Notas iniciais
Oi gente! Essa fic eu havia postado ela em outra conta, mas eu exclui e resolvi fazer nessa aqui. Espero que gostem!

Estava completamente assustado. Incrédulo, ao ver o corpo de seu pequeno companheiro jogado no chão. Ele caminhava lentamente na direção do Pokémon.

— Grow? — se ajoelhou ao lado do canídeo de pelagem laranja, que possuía também grandes riscos pretos por seu corpo.

Sentiu sua respiração falhar ao ver a poça de sangue que estava formada ao lado do corpo de Growlithe.

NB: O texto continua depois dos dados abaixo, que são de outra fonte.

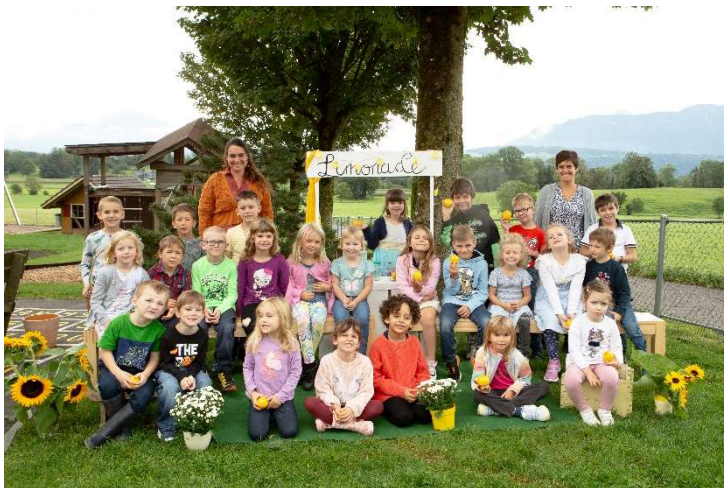
Sternschnuppe Mehrklasse Zyklus 1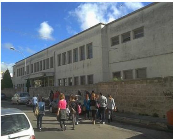
Sede Succursale di Via Bologna

Presente nella realtà socio-economica e culturale da sessant'anni, Istituto "N. Moccia" si articola attualmente in tre diversi Indirizzi di studi : "Servizi socio-sanitari" (SSS), "Servizi per l'enogastronomia e l'ospitalità alberghiera" (SEOA), "Manutenzione e assistenza tecnica". (MAT)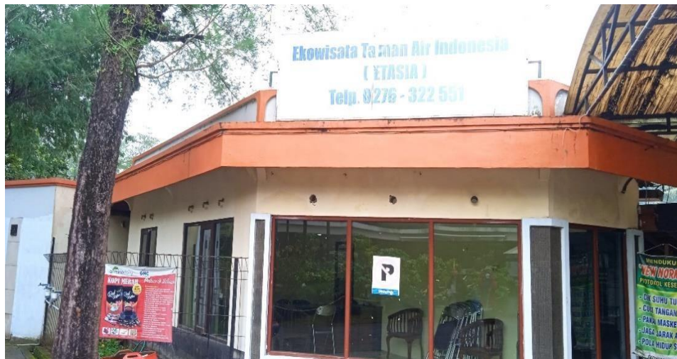
Gambar 3.1 Bagian depan ETASIA

Namun keindahan dari Ekowisata Taman Air Tlatar (ETASIA) seketika sepi oleh pengunjung dikarenakan pandemi yang melanda seluruh dunia terutama di Indonesia. Lonjakan kasus Covid-19 membuat semua destinasi wisata di tutup dalam jangka waktu yang tidak bisa ditentukan hingga membutuhkan waktu 2 tahun bagi Ekowisata Taman Air (ETASIA) untuk bisa bangkit lagi dalam keterpurukan.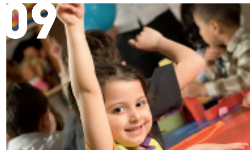
El Ayuntamiento invertirá el Plan E en mejorar 20 barrios y parques y en los colegios del municipio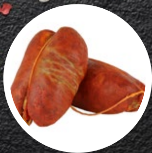
SALAMA NDUJA SPILIN- GA ZOP CCA. 400G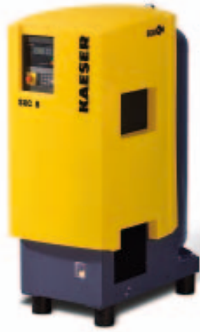
Dauerläufer: Schraubenkompressoren können ohne Ermüdungserscheinungen rund um die Uhr laufen. Mit einer intelligenten Steuerung ist auch ein problemloser Teillastbetrieb möglich. Im Bild eine Kompaktanlage zum „Plug&work“.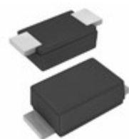
SE20FJ-M3/I Electro-Films (EFI) / Vishay DIODE GEN PURP 600V 1.7A DO219AB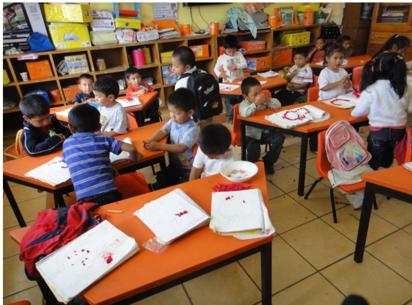
La Maestra Con Los Niños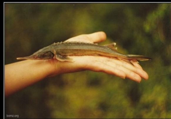
Я исчезаю. Сохрани меня! Стерлядь занесена в Международную Красную Книгу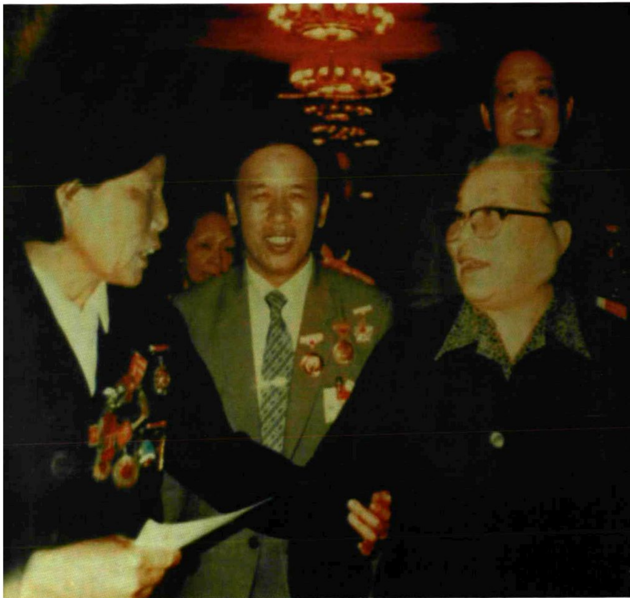
申纪兰同康克清一起参加1989年国庆宴会。

Sua mente tentava processar tudo o que estava vendo. Não sabia quem havia feito aquilo, nem o por quê. Estava confuso, olhando para o lado, tentando localizar quem havia feito aquilo com seu Pokémon.

O silêncio tomou conta do imenso galpão. Era possível ver a respiração descompassada do pequeno menino.

— Kevin? — uma voz grossa corta o silêncio.

O pequeno se vira, encarado o homem que adentrava no galpão.

— P-pai! — correu até o homem, que aparentava ter uns 37 anos. — Alguém machucou o Growlithe!

O adulto apenas olhou para o Pokémon caído de relance, voltando os olhos para seu filho logo em seguida.

— Eu sei disso. Quem fez isso fui eu! — deu um pequeno sorriso de canto.

Após ouvir essas palavras, o coração de Kevin acelerou. Suas pernas tremeram e, mesmo que tentasse, não conseguiu conter as lágrimas. Aquelas palavras proferidas por seu pai, fizeram ele perder o chão.

— Quê? — arregalou os olhos, sentido as lágrimas descendo em seu rosto. — O senhor?

— Sim, eu. — respondeu tranquilo. — Me agradeça depois...

Aquilo foi o cúmulo para o pequeno Kevin.

— Agradecer? — murmurou, incrédulo. — Você acha que eu vou agradecer por isso?

O mais velho riu.

— Claro. Depois de algum tempo, irá notar uma diferença crucial nesse seu Pokémon. Digamos que, ele irá ter mais... Brilho!

A tristeza logo se transformou em raiva.

— Você... — o garoto procurou uma palavra que achou ser muito ofensiva para um adulto. — é um maldito!

Em questão de um segundo, ele foi levado ao chão. Pela primeira vez em toda sua vida, seu pai havia o batido. E não foi qualquer pancada, sim um forte chute direto na boca do estômago.

Ele caiu, levando as mãos até a barriga.

— Olhe o respeito para com o seu pai, seu fedelho! — desta vez sua voz soou ameaçadora.

Respirava com dificuldade, mas não deixaria barato; nunca teve o hábito de ficar calado quando alguém o fazia mal. Mas nunca, nunca havia respondido seus pais — e estava decidiu que aquela seria a primeira vez. Iria falar para seu pai tudo que estava entalado em sua garganta.

— Pai? — levantou a cabeça, encarando seu progenitor com o semblate de raiva. — Você só considera a Ashley e o Silver como seus filhos... — chorou com mais força. — Sempre me desprezou. Você nunca me deu sequer um abraço! — ele conseguiu recuperar o fôlego. — Agora, fez mal ao meu único amigo e quer que eu te reconheça como pai? Pai é quem cuida, quem dá carinho, você acha que fez alguma dessas coisas por mim? — Kevin o encarou direto nos olhos. — Meu tio Mark é mais pai que v...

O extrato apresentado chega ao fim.